Top 11 Old Kiwi Sayings
#1. I became the storyteller of South Side Chicago. I used an old Kiwi liquid shoe polish as a microphone. I'd go around the house interviewing everybody, telling stupid jokes, doing voices. I mimicked Sidney Poitier, Sammy Davis Jr., people on 'Laugh-In,' Flip Wilson.
Bernie Mac
#2. If a community values its children, it must cherish its mothers.
John Bowlby
#3. As you watch the Gary Condit interview, three words come to mind: stiff, unbending and impenetrable. And that's just his hair.
David Letterman
#4. How we can stay faithful to the people that have supported us from the beginning is a thought in my mind. I always want to keep that part of it alive.
Dave Matthews
#5. Some people have said that I haven't got the parts I should've got because of the way I look.
Jacqueline Bisset
#6. Being a rocket scientist isn't all that smart when you could work in finance.
A.D. Aliwat
#7. I felt like I was cheating myself of those communities and cheating the audience because I wasn't able to know them.
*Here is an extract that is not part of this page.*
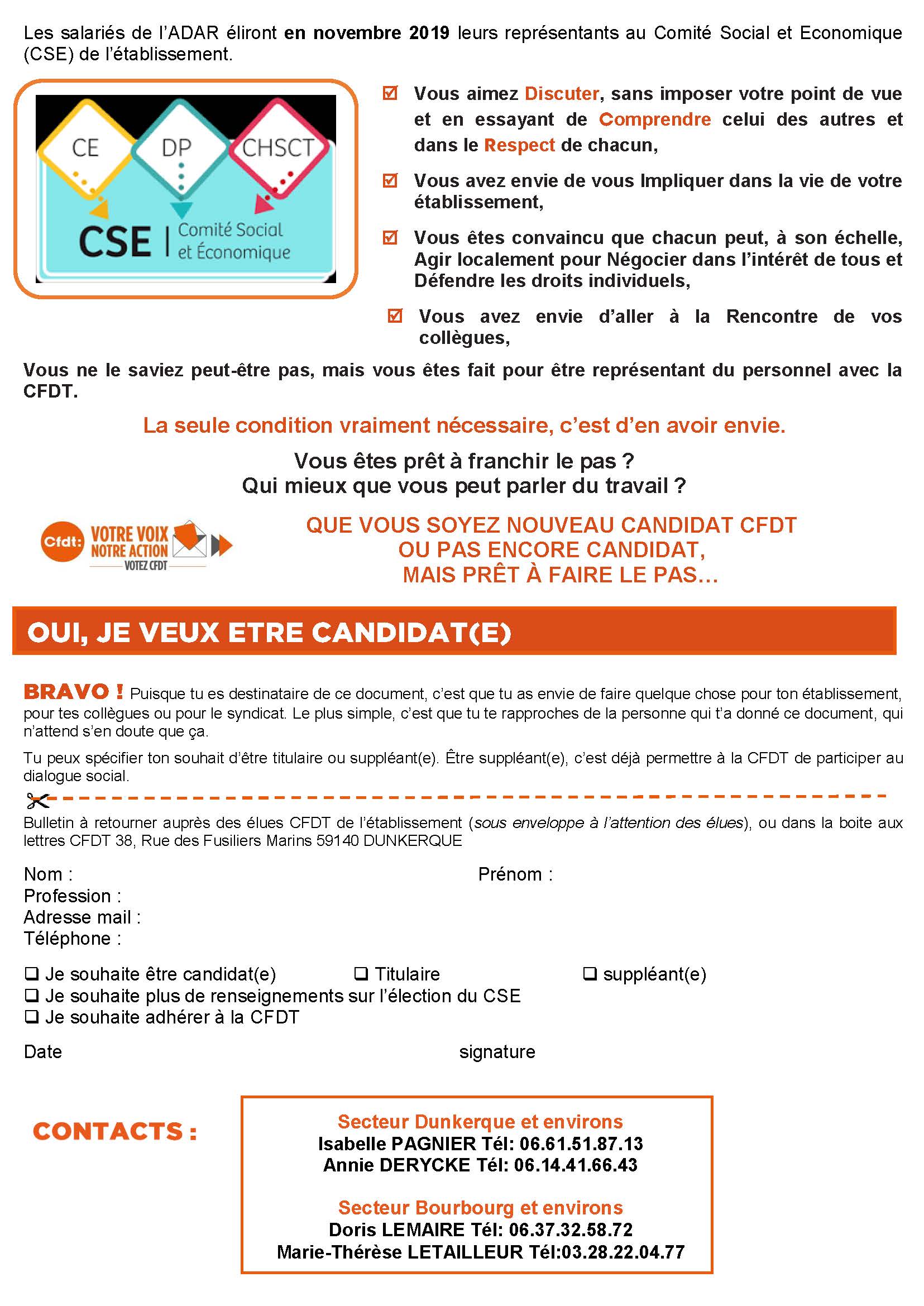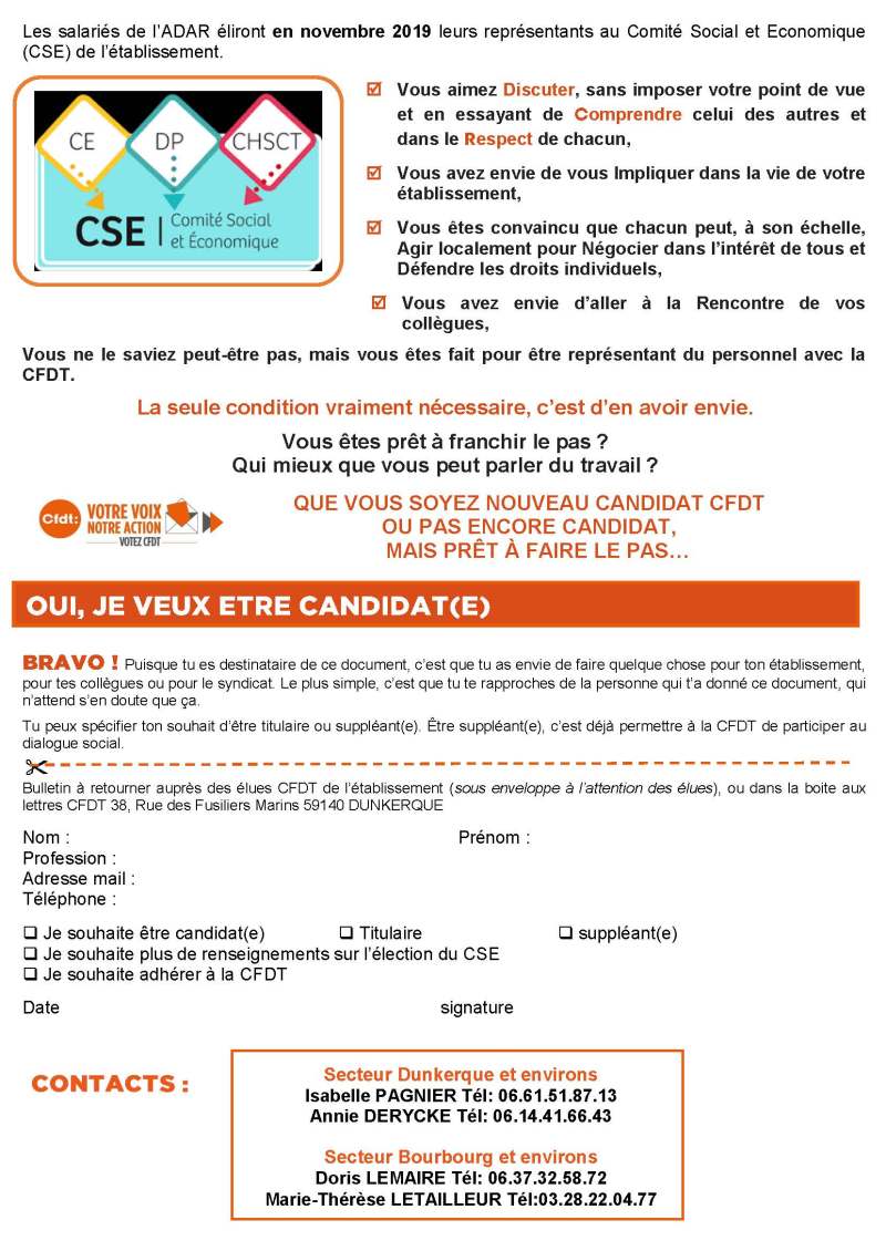 En vue des élections professionnelles prévues en novembre 2019, la Section CFDT et Edwige BLONDEEL ont été à la rencontre des salariés de L’ADAR le 02 Septembre 2019 pour les informer en leur distribuant un tract sur les élections au Comité Social et Economique et leurs droits.

That's what the bikes did, without me having to put any arbitrary philosophy on what it was supposed to be. It enabled human connection.
Ben Sollee
#8. What if our bodies were transparent, like a washing machine window? How wondrous to watch ourselves. Joggers would job even harder, blood pumping away. Lovers would love more. God damn! Look at that old semen go! Diets would improve-- kiwi fruit and strawberries, borscht with sour cream.
Lucia Berlin
#9. I mean Gorilla was really our first sort of goes at songwriting.
Neil Innes
#10. I had a nightmare that I slept without my nose tape on thank God it wasn't true!
Heidi Montag
#11. We Irish had the right word on the tip of our tongue, but the imperialist got at that. What should trip off it we trip over.